== Information shown ==
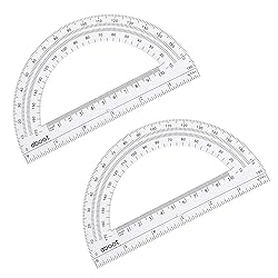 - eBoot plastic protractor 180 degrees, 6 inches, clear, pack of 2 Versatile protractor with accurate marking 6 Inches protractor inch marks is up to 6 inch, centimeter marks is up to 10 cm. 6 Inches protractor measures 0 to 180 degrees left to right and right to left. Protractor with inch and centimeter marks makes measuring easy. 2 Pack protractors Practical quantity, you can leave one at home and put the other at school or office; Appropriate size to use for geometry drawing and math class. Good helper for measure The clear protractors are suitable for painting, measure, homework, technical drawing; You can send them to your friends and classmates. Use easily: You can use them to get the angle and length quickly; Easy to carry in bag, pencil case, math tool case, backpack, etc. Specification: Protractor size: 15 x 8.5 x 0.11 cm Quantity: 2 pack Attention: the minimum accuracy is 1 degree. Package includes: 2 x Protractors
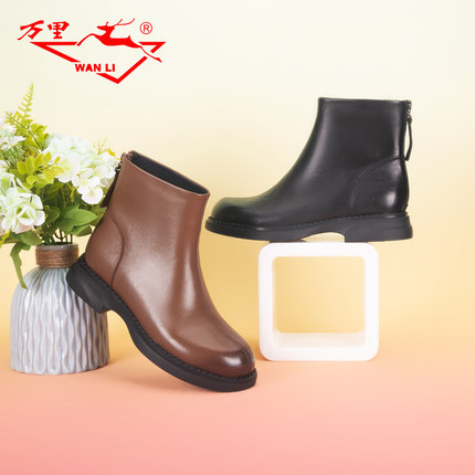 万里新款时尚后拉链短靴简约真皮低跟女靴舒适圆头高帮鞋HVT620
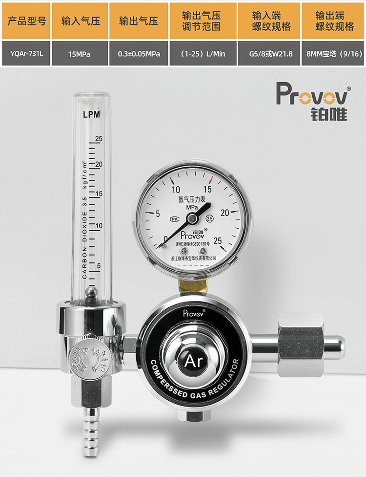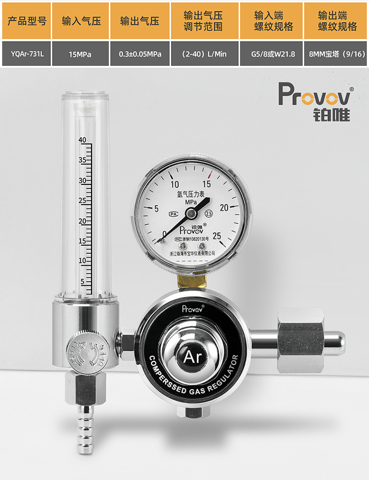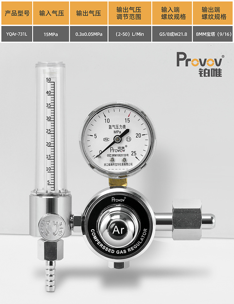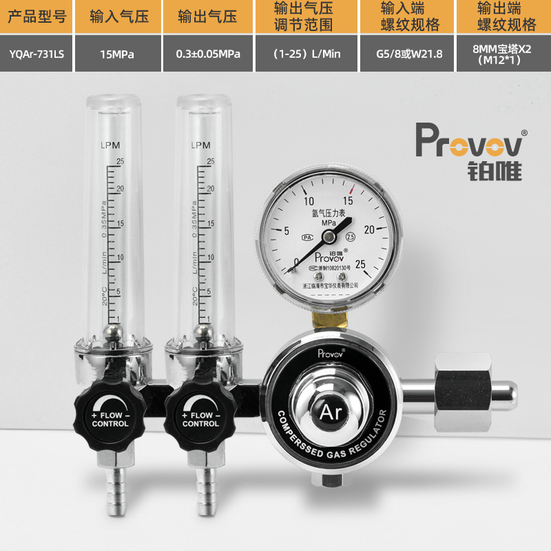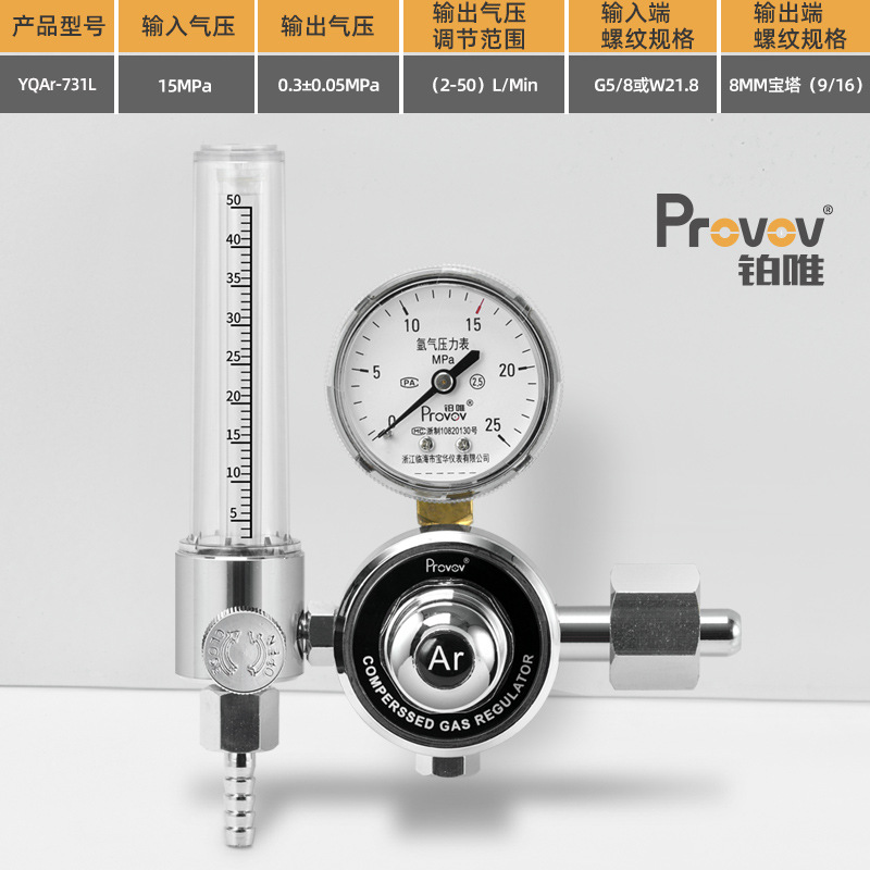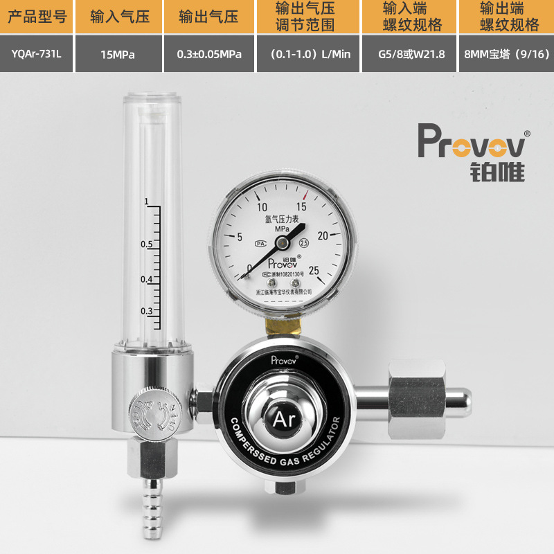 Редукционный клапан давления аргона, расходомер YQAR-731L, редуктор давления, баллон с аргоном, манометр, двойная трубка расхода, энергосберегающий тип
===
Task brief: Print all of the data exactly, and do not carry over any pictures.

Problem solution:
 - eBoot plastic protractor 180 degrees, 6 inches, clear, pack of 2 Versatile protractor with accurate marking 6 Inches protractor inch marks is up to 6 inch, centimeter marks is up to 10 cm. 6 Inches protractor measures 0 to 180 degrees left to right and right to left. Protractor with inch and centimeter marks makes measuring easy. 2 Pack protractors Practical quantity, you can leave one at home and put the other at school or office; Appropriate size to use for geometry drawing and math class. Good helper for measure The clear protractors are suitable for painting, measure, homework, technical drawing; You can send them to your friends and classmates. Use easily: You can use them to get the angle and length quickly; Easy to carry in bag, pencil case, math tool case, backpack, etc. Specification: Protractor size: 15 x 8.5 x 0.11 cm Quantity: 2 pack Attention: the minimum accuracy is 1 degree. Package includes: 2 x Protractors
 万里新款时尚后拉链短靴简约真皮低跟女靴舒适圆头高帮鞋HVT620
 Редукционный клапан давления аргона, расходомер YQAR-731L, редуктор давления, баллон с аргоном, манометр, двойная трубка расхода, энергосберегающий тип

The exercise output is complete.